■ Task goal ■
Among the lines below, a stretch begins at the one with "Dkny Women's Printed" and ends at the one with "以闪亮滑雪服开场的 Armani 副线". Repeat that stretch exactly, ends included.

■ Material to process ■

▼

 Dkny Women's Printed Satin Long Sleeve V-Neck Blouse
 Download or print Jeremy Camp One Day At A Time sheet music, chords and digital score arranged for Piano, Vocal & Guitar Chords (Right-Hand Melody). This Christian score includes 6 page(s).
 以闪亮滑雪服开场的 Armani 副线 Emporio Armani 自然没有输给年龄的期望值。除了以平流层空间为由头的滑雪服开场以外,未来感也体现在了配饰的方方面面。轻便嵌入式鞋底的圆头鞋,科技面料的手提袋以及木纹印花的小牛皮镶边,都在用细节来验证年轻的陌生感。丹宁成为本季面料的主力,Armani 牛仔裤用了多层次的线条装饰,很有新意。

▲
▼

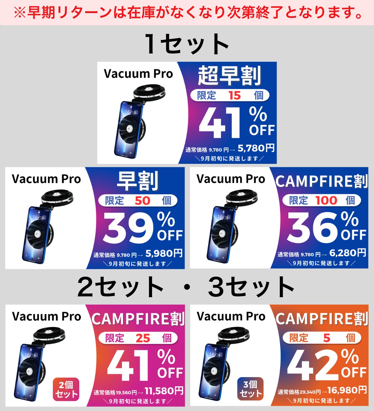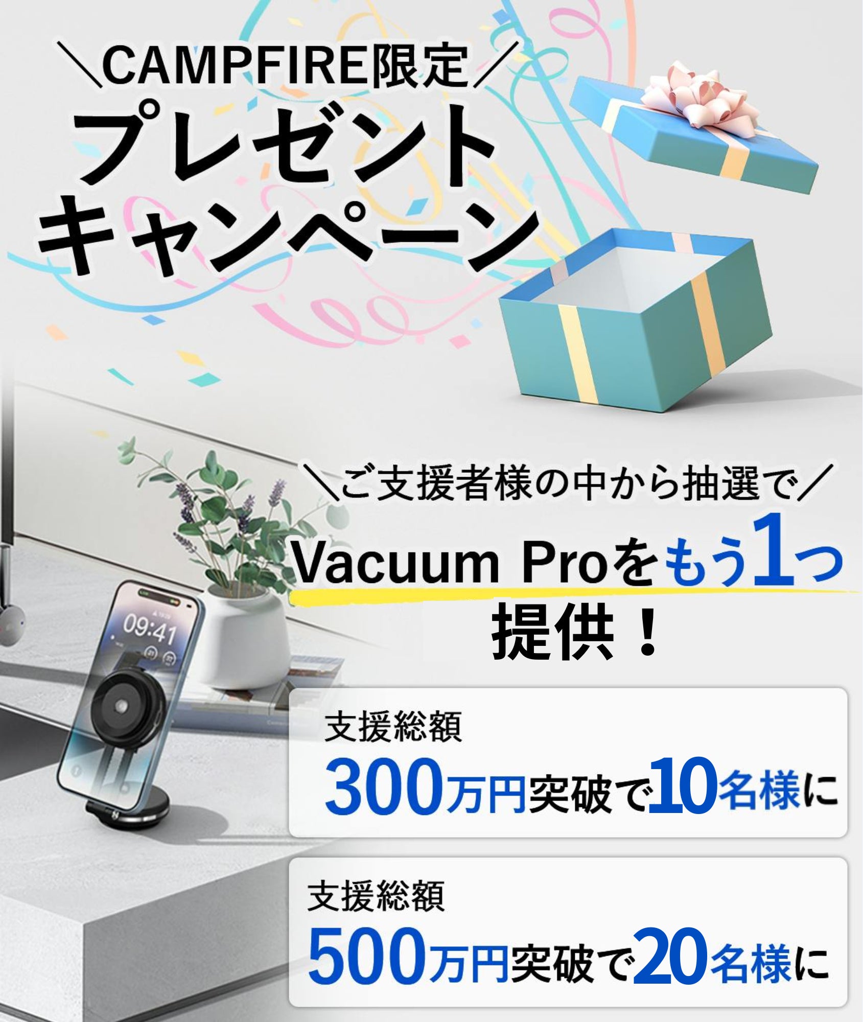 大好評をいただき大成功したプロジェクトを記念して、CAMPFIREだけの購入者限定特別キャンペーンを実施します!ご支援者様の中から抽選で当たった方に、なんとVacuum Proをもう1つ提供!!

▲

■ Solution ■
 Dkny Women's Printed Satin Long Sleeve V-Neck Blouse
 Download or print Jeremy Camp One Day At A Time sheet music, chords and digital score arranged for Piano, Vocal & Guitar Chords (Right-Hand Melody). This Christian score includes 6 page(s).
 以闪亮滑雪服开场的 Armani 副线 Emporio Armani 自然没有输给年龄的期望值。除了以平流层空间为由头的滑雪服开场以外,未来感也体现在了配饰的方方面面。轻便嵌入式鞋底的圆头鞋,科技面料的手提袋以及木纹印花的小牛皮镶边,都在用细节来验证年轻的陌生感。丹宁成为本季面料的主力,Armani 牛仔裤用了多层次的线条装饰,很有新意。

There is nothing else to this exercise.